В университете все — некоторые с завистью, большинство дружелюбно — говорили, что Чарльз Гамильтон - баловень судьбы. Родители его были богаты и принадлежали к хорошему обществу. Это была очень консервативная семья: мать значилась среди «Дочерей Революции», а отец был внуком Линкольновского полковника. Мать внимательно следила за последними успехами китайской медицины, а отец собирал коллекцию французских табакерок XVIII века (имел табакерку Рошамбо — «того самого»). Их сын был» по общему и справедливому отзыву, необыкновенно даровит. Книга его стихов, выпущенная им двадцати лет от роду и названная «Carmen Aeternum»{1}, имела немалый успех. Критик большой нью-йоркской газеты очень лестно отозвался о его стиле (были слова: «rebellious», «sensual», «fecund», «highly provocative»{2}), отметил влияние на него Катулла, Томаса Кэмпиона, Китса и всех трех Ситуэллов и обсудил его книгу как «commentaries on human experience»1. Если у этого критика были грехи, то бесспорно они были отпущены за ту невероятную, ни с чем не сравнимую, не повторяющуюся в жизни радость, которую он доставил в этом мире человеческому существу. После этой рецензии (три столбца в литературном приложении газеты) было немало других, менее важных. В местной же студенческой газете появилась восторженная статья с портретом Гамильтона: его поклонница, курсистка, говорила о необыкновенной его способности проникать в чужую душу и отмечала в нем нероновский комплекс. «Помимо десятка других блестящих карьер Чарльз Гамильтон мог бы сделать карьеру гадалки и предсказательницы», — писала девица. В этом была, по-видимому, доля правды: на шуточных сеансах университетского «Общества черной магии» у Гамильтона действительно иногда бывали необыкновенные удачи в угадывании чужих мыслей и даже в чем-то вроде телепатии. «Это медиум!» — был общий голос.

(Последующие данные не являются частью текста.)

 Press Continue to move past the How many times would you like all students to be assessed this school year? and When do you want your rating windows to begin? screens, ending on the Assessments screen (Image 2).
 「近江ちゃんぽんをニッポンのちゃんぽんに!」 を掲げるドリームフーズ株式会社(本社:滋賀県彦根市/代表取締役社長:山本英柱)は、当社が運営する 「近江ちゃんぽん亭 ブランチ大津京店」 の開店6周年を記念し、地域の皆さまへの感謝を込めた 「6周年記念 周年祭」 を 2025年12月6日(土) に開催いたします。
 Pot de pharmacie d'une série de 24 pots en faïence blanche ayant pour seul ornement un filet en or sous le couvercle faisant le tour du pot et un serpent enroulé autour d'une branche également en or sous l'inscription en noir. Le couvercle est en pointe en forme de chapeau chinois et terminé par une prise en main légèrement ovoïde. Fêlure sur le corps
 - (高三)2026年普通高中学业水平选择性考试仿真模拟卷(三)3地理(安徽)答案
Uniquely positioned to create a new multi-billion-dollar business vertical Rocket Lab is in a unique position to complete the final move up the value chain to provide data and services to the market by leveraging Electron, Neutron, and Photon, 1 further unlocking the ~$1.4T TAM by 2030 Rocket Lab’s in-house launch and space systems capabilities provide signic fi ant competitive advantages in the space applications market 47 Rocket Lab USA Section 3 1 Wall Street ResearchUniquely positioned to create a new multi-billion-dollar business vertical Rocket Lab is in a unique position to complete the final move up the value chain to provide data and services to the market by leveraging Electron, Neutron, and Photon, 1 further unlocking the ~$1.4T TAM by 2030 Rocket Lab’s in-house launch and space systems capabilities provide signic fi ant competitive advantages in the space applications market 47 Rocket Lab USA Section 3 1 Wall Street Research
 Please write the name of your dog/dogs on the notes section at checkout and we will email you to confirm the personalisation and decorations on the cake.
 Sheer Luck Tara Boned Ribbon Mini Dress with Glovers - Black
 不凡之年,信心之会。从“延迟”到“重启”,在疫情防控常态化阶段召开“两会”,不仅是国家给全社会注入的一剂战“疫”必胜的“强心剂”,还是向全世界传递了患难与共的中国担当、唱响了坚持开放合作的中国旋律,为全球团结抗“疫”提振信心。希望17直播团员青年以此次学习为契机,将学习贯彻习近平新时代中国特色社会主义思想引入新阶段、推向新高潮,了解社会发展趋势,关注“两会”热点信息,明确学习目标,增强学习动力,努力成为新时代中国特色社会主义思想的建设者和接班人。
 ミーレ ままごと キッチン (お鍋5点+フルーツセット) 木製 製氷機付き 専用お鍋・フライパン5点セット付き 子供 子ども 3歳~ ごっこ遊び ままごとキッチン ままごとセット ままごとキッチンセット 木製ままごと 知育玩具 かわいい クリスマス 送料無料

Книгу его признал и старый профессор, у которого он учился. Этот профессор написал пять томов о поэтической литературе нашего времени; она у него была очень точно распределена по периодам и все, попарно: от Теннисона и Россетти до Свинберна и Генлея, от Свинберна и Генлея до Киплинга и Мэнсфильда, от Киплинга и Мэнсфильда, до Брука и Грейвса. Тем не менее — или именно поэтому — профессор решительно ничего не понимал в поэзии и каждого нового поэта благоразумно расценивал лишь после появления о нем достаточного числа рецензий. После десятой рецензии оценил и Гамильтона и даже мысленно отвел ему место в одной из следующих пар — к восьмому тому и к достижению Гамильтоном сорокалетнего возраста. В ожидании этого в дружески-отеческой беседе со своим молодым учеником профессор посоветовал ему попробовать свои силы в большой поэме в старом байроновском жанре. «Я знаю, жанр этот очень устарел, — испуганно сказал профессор, глядя в смеющиеся глаза Гамильтона, — но у всякого жанра может быть возрождение, и вы знаете, с каким успехом Спендер возродил жанр Шелли». «Чтобы писать, как лорд Байрон, надо и жить, как он», — ответил скромно Гамильтон.